Narrative: catch and release Who: Cass R What: Getting released Warnings: Nada
She thought deliberately of nothing. Nothing and her face was wax, unmolded. She sat on the edge of the narrow chair and she looked at none of them and all of them sat in a line contemplating her future. The weight of bank accounts sat at her back and Cass didn’t think of late nights and the sole computer at the nurse’s station that was left abandoned as the resident in the room on the furthest left tried to swallow his tongue. She saw it, six times in a row even through the fog. She saw the time he died, choking and the time he bit it through. But all of the times the nurse left the station entirely alone.
She didn’t think of blood and glass, of broken locks and swaying bodies. All of it she has seen before they drugged her to empty as she looked at the neat faces and quiet hands of the doctors who authorized. Possibility was contained. It was locked up, medicated, restrained within the walls of the Quiet Home for Quiet People who could be nothing but formless clay, all their abnormalities gently pummeled to nothing. Outside, she could taste electricity on her tongue, see futures that had not husked to nothing but dry leaves.
“I thought I would find a job.” Cass shrugged one shoulder under institutional cotton. It was the right thing to say in the right tone of voice, it felt right under the muzziness of chemical fog. “Find a routine. You say routine helps.” She smiled. The edge of her mouth and then the rest. She did not swing her leg although her leg wished to swing. She sat with her ankles together and the cotton crumpled at her waist and at her back. “Something low-key.”
She saw approval. It was a lie, but they were all lies. She hadn’t said anything that was truthfully true in months. Could you, if you were not yourself? She didn’t bother with the lie, Cass didn’t inflate it with importance. It was just another lie, a matchstick in a pile that could in theory set alight, but didn’t.

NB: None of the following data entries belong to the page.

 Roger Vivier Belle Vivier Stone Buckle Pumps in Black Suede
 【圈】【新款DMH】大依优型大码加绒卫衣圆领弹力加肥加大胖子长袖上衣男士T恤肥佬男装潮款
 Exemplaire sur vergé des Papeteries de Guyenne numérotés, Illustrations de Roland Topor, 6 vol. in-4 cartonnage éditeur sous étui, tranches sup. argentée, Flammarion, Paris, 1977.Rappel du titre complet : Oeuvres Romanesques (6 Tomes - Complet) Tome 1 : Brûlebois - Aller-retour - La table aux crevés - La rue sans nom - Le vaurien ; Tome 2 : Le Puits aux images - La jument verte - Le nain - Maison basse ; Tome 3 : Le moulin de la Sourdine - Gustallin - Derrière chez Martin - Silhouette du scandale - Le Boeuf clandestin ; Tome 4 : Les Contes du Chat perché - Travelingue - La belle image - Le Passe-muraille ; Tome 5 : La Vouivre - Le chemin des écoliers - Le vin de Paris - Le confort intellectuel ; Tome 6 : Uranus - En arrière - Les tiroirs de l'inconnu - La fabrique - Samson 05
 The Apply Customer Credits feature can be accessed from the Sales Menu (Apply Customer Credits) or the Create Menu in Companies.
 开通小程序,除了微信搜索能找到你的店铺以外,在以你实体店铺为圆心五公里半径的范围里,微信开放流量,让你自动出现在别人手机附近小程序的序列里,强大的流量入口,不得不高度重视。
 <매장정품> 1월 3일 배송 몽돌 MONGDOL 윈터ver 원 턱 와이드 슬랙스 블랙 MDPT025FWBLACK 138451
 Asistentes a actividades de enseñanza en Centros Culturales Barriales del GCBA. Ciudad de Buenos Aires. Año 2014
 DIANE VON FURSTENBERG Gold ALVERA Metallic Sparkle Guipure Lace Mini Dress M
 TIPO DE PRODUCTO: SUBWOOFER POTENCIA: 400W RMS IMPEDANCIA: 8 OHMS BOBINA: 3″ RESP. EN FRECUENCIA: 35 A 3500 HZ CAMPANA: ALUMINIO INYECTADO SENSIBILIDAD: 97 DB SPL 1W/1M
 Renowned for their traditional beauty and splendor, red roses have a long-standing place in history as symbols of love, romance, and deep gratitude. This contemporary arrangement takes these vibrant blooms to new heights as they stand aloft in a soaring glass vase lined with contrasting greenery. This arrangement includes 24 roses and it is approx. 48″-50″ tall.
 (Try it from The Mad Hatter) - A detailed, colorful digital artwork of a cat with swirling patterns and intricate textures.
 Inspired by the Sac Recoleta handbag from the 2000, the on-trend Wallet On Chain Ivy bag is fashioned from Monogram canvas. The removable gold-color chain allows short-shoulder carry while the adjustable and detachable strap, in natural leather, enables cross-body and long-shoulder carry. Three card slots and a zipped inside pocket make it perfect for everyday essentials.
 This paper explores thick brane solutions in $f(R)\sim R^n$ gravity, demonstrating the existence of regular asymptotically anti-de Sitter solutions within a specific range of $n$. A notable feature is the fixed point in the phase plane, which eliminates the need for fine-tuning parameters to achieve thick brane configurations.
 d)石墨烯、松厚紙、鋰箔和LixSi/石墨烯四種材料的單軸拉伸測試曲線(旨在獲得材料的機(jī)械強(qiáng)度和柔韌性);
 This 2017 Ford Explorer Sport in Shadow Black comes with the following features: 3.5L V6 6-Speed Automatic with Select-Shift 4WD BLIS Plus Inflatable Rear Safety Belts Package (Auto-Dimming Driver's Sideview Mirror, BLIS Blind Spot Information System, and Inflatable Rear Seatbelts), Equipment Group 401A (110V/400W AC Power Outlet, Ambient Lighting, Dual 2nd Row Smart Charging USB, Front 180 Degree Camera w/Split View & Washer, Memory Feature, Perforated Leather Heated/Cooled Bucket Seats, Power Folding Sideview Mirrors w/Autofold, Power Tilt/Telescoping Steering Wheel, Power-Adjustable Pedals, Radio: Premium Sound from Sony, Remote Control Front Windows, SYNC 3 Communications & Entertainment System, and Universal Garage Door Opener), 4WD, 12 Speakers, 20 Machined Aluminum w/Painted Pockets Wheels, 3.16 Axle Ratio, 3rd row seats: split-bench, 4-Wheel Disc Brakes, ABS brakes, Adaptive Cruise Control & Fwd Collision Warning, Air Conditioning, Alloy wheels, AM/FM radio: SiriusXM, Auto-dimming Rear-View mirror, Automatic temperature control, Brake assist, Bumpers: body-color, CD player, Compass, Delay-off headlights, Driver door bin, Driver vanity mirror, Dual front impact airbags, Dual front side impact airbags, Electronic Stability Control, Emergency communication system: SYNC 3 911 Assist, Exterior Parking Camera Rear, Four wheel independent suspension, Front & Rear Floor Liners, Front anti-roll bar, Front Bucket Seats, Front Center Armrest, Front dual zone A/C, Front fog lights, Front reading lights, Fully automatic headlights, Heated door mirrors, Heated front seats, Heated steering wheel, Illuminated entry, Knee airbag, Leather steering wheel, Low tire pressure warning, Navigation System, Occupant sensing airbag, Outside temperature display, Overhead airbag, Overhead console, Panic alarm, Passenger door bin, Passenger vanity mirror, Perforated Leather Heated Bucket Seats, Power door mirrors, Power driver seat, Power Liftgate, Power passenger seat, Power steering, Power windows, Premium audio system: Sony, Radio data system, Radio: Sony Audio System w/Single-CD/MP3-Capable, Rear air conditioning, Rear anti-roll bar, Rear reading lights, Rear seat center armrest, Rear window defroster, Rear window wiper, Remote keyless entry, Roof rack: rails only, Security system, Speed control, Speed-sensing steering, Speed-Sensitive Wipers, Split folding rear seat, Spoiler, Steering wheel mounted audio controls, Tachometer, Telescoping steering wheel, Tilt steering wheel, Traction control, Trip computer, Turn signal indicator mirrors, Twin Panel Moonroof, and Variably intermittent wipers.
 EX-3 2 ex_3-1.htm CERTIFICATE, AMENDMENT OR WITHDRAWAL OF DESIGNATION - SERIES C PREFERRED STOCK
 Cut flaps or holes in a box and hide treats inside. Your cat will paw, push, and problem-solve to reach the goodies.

The one on the end leaned forward. “What kind of job?”
A glimmer. “What would you suggest?” Biddable. She wasn’t biddable, she was steel but she kept her hands soft and her eyes calm. Suggestion was easy. Suggestion was appropriate. She saw them smile and she kept her own tucked behind her mouth, where it felt like silk against her teeth.
“It would be appropriate for something part-time.” She thought of New York. Of the diners with waitresses that worked until dawn, the muted wash of color permuating the sky under cigarette smoke in an alleyway. It wasn’t romantic in the slightest. There would be little romance in what the doctors, with their imaginations carefully clipped off like a vein in need of cauterizing, suggested. Her voice was dry in her throat even without speaking. There was little of anything in what the doctors suggested.
“Whatever you suggest.” Whatever it was, it would be a lock in a door that had previously had no potential for opening. She was fond of locks; they could, at least, be picked.
“You’ll reside here.” A note of warning. The smile took no effort at all.
“As you’d like.” Obedient, not dismissive. Reside was a word you could live within, all the ways in which the word could stretch. They’d given her books and books and all the words you could elasticate into meaning half a dozen different things in permutation. “When may I go?” She saw the wave of approbation sail down the line of doctors, a ripple through the panel. She had, or she would. Cass didn’t much care for the difference.
“Wednesday. We’ll arrange the placement.” She dropped her head, she studied her thumbs. She kept a hundred lies on the flat of her tongue like silver, and she nodded briefly, before she moved, clumsy in a body heavy with drugs, the feeling of it, the promise of it like birds inside her ribs.